Depending on the natural orifice used to access the site of disease, the ELS System makes it possible to expand the clinical options in endoluminal access and perform an ever-broader range of procedures. For example, transanal access could be an option for polyp resections and total rectal lesion resections whereas transoral access has potential applications in bariatric surgery, gastric and esophageal lesion resections, fundoplication, myotomy, tonsillectomy, pharyngectomy, and laryngectomy. The system may also support transvaginal access for a range of needs in gynecology including hysterectomy, oophorectomy, and salpingectomy.
In addition to these potential future applications, another aim in robotic endoluminal surgery is reduction in risk of complications, which many physicians believe could exceed the reductions achieved with the transition from open to laparoscopic procedures. For many patients, less invasive procedures with faster recovery times can also potentially reduce healthcare costs. In just one example, tens of thousands of patients are treated with partial colectomies each year that could be potentially avoided if physicians were able to treat these lesions using the ELS System.

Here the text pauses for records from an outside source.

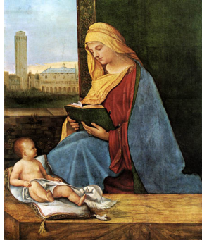
The Reading Madonna Giorgio Barbarelli da Castelfranco
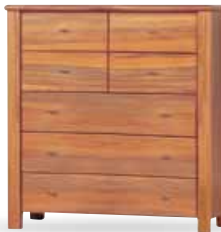
7 Drawer Tallboy 1010w x 1075h x 505d
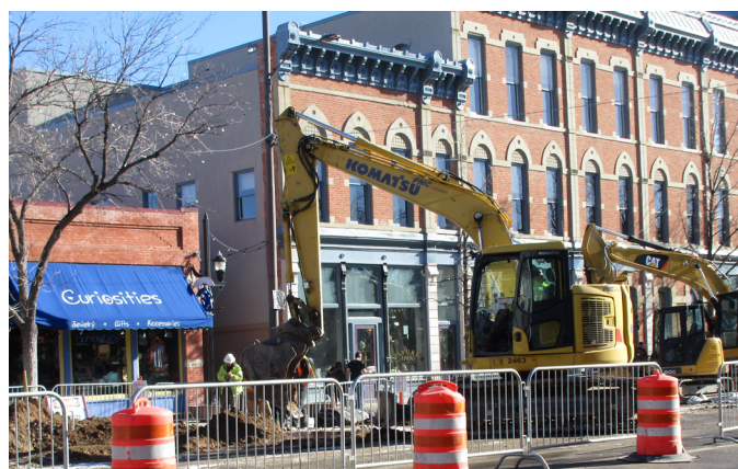
Service line excavation
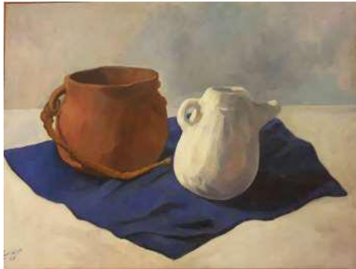
Shape 26 acrylic on roll 70*50 cm. that collection was shown among the exhibition of Siwa ceremony-2012
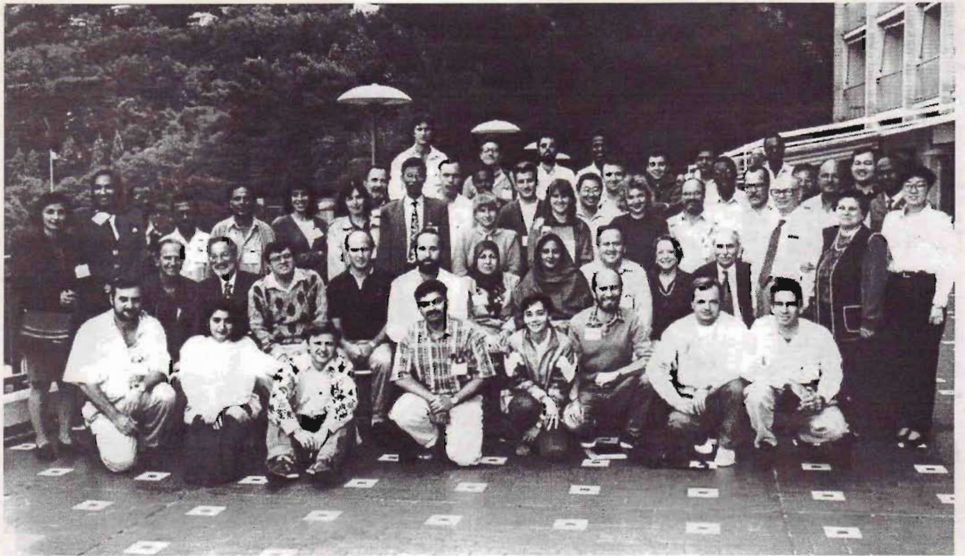
College in biophysics: experimental and theoretical aspects of biomolecules, 26 September – 14 October 1994.

Biophysics College, as it occurred this year. In this manner a valuable sector of the participants may maximize the benefit of their visit to this Centre.
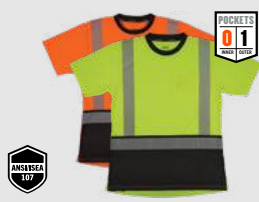
8276BK Performance Hi-Vis T-Shirt - Type R, Class 2, Black Bottom SIZING: XS-3XL
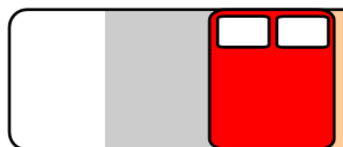
Toyota Hilux Double Cab
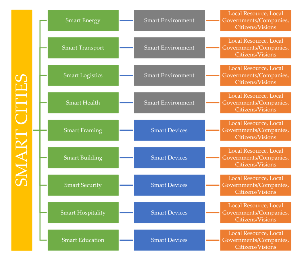
Figure 1. Shows the hierarchical structure of application areas related to smart cities [16].

Figure 1 shows the hierarchical structure of application areas related to smart cities. Additionally, Table 1 shows the previous investigations related to EVs and GBs by different researchers. As can see the key role of renewable energy for smart city development is significant in these studies.
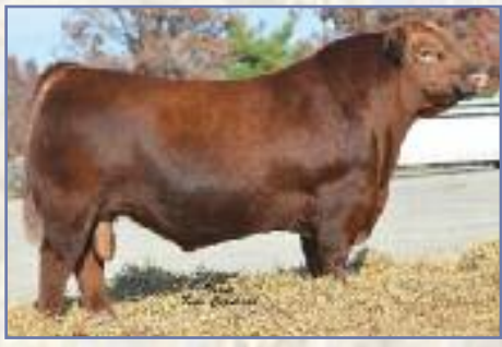
Silveiras Mission Nexus 1378
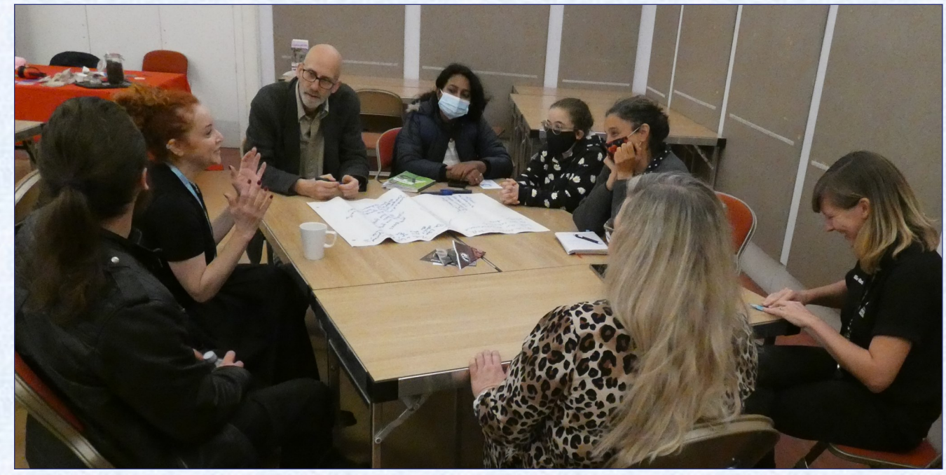
Image: Staff and students seated around a large table, engaging in group discussions around climate action.

Climate Action Day attendees contributed to a collaborative guilt project for COP26, folded peace cranes for an on-campus installation, played 'How Bad Are Bananas?' a carbon footprint myth-busting game, made seed bombs, wrote climate commitments to add to a tree of hands, and climate confessions to prompt nonjudgmental discussion around the barriers to adopting change.

As the development of the ELS System proceeds toward regulatory review, some leading physicians and hospital systems are moving ahead with plans to install the technology now to remain ahead of the curve in terms of research and innovation. In August 2022, EndoQuest Robotics announced that Brigham & Women’s Hospital in Boston, Massachusetts, will be the first U.S. medical facility to use the ELS System for research and clinical development.
According to Christopher C. Thompson, MD, Professor of Medicine and Director of Endoscopy, Brigham and Women’s Hospital, “Successful endoluminal surgery requires innovation in technology and procedural techniques. The EndoQuest System is the world’s first fully robotic platform specifically designed for gastrointestinal tract surgery and can enable endoscopists to perform many procedures that are very challenging or not possible today.”
With the ELS system, the EndoQuest team developed surgery enabling technology that solves many of the clinical challenges facing a wide range of MIS specialties. By empowering the system with both the flexibility of endoscopy and instruments that allow for conventional two-handed surgical technique, doctors will have new capabilities that will advance current techniques, close the prohibitive technologic gaps of the past, and provide for scar-free procedures.
EndoQuest’s ELS System is under development, has not been cleared by the U.S. Food and Drug Administration (FDA) and is not for commercial sale in the United States.